What am I risking now, pulling out, plowing under in my own work of transformation? What darkness or unused "things" can I remove to make room for new growth? I have plenty I can work on; however, it seems that life surfaces those things that require consideration whether I want to work on them or not!

Then there is hope. Intuitively I wouldn't think that hope has a darkness in it, yet as I circled the Still Point in the mandala, meditating on transformation and hope, I understood that despair, fear, doubt, discouragement, disbelief are opposites of hope, and without the darkness, how can I know hope?

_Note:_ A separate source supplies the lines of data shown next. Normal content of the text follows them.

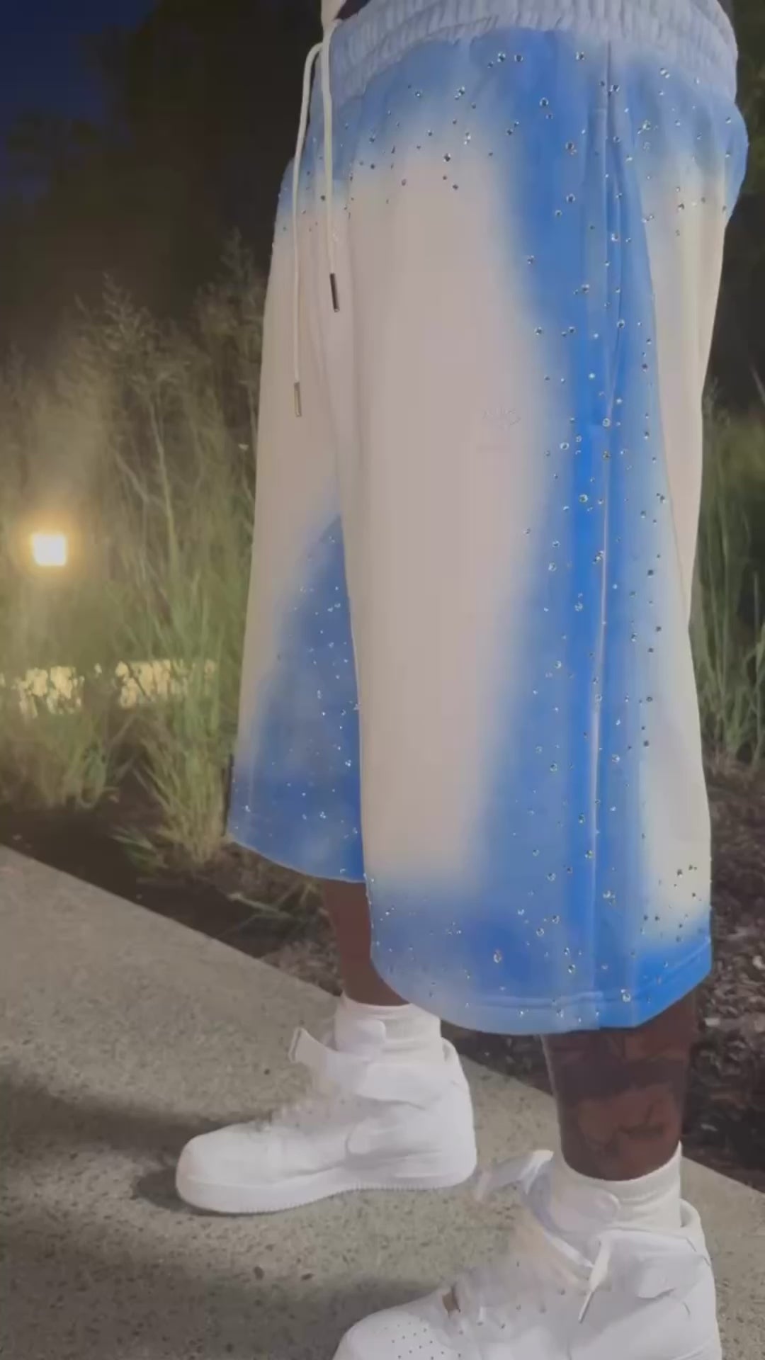A statement piece in every sense. These oversized mesh shorts blend a bold gradient fade with hand-placed rhinestone accents to create a shimmer that moves with you. Crafted for standout comfort and casual flex, each colorway feels like a summer night — cool, vibrant, and full of energy.
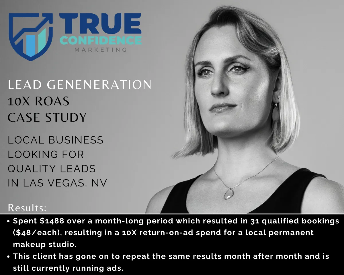 This year, our team is successfully bringing in for our client in the permanent makeup industry quality leads like clockwork, earning their studio a 10X ROAS in 30 days.
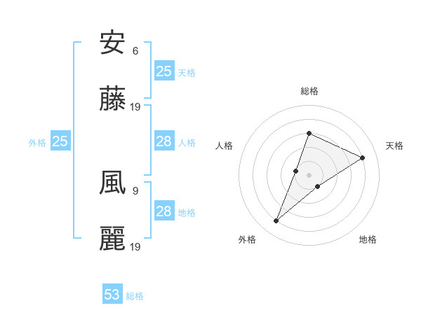安藤 風麗さんを姓名の画数から五運を鑑定

These last hard years of global loss of life and freedom have certainly been the dark side of hope. Perhaps as this new spring begins its annual flirtation with winter, pandemic restrictions begin to lift around the world, and family gatherings are more common again, we can steward the hope springing out of the deadwood of this recent past.

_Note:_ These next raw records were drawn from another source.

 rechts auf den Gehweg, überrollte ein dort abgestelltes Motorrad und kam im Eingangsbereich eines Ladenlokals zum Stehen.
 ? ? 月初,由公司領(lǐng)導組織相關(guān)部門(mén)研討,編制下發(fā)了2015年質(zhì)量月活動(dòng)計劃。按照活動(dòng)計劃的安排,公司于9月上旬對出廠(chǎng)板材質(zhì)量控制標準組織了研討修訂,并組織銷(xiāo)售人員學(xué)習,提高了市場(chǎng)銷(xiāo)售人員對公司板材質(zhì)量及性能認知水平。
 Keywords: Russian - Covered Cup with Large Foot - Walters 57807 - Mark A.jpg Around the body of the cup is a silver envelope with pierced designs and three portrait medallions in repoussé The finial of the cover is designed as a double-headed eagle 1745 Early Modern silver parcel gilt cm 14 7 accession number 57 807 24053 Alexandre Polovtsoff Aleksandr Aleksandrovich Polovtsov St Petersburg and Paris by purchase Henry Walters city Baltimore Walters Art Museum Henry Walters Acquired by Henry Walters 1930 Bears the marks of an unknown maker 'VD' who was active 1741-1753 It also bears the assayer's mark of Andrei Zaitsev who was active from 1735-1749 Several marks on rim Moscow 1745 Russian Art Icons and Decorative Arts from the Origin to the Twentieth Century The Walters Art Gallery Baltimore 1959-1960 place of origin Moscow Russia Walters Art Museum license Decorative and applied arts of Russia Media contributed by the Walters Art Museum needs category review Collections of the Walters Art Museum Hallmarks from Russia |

Transformation & Hope - Part 3


The pattern of the mandala is transformation personified. Starting in the circle, the still point, it became a six-sided star, then shifted its points 30 degrees and ended in a circle. In Part 2 it continued mostly round, laying in points and position for its Part 3 transformation into a 12-sided star. 

In the Mandala, each row has a certain duality: the beauty of itself and the building block for the next metamorphosis in the pattern. These changes, nearly row by row, are an objective lesson in the definition of transformation: crossing over, into new form, shape, structure, character.

Crossing over barriers such as bridges, rivers and objects is a well-used trope in old wives' tales, fairy tales, traditions and language. Charon, son of the Goddess Nyx, destined to be the Ferryman carrying souls across the River Styx, demanding coin of the dead for the ride; Moses leading the unruly tribes of Israel across the Red Sea on miraculously dry land; the three billy goats named Gruff, fooling the Troll in order to cross over his bridge; jumping the broom in marriage ceremonies, signifying the shift from two single units to one with all the changes required; and, "Over the Moon" which refers to ecstatic change and transformation.

These examples of transformation, from life to death, danger to safety, one side of a ravine to another, are physical transformations. There are other, deeper changes, spiritual and psychological into which the meditative nature of working with yarn and the repetition of stitching are leading me. I wonder what is on the other side of this transformative work.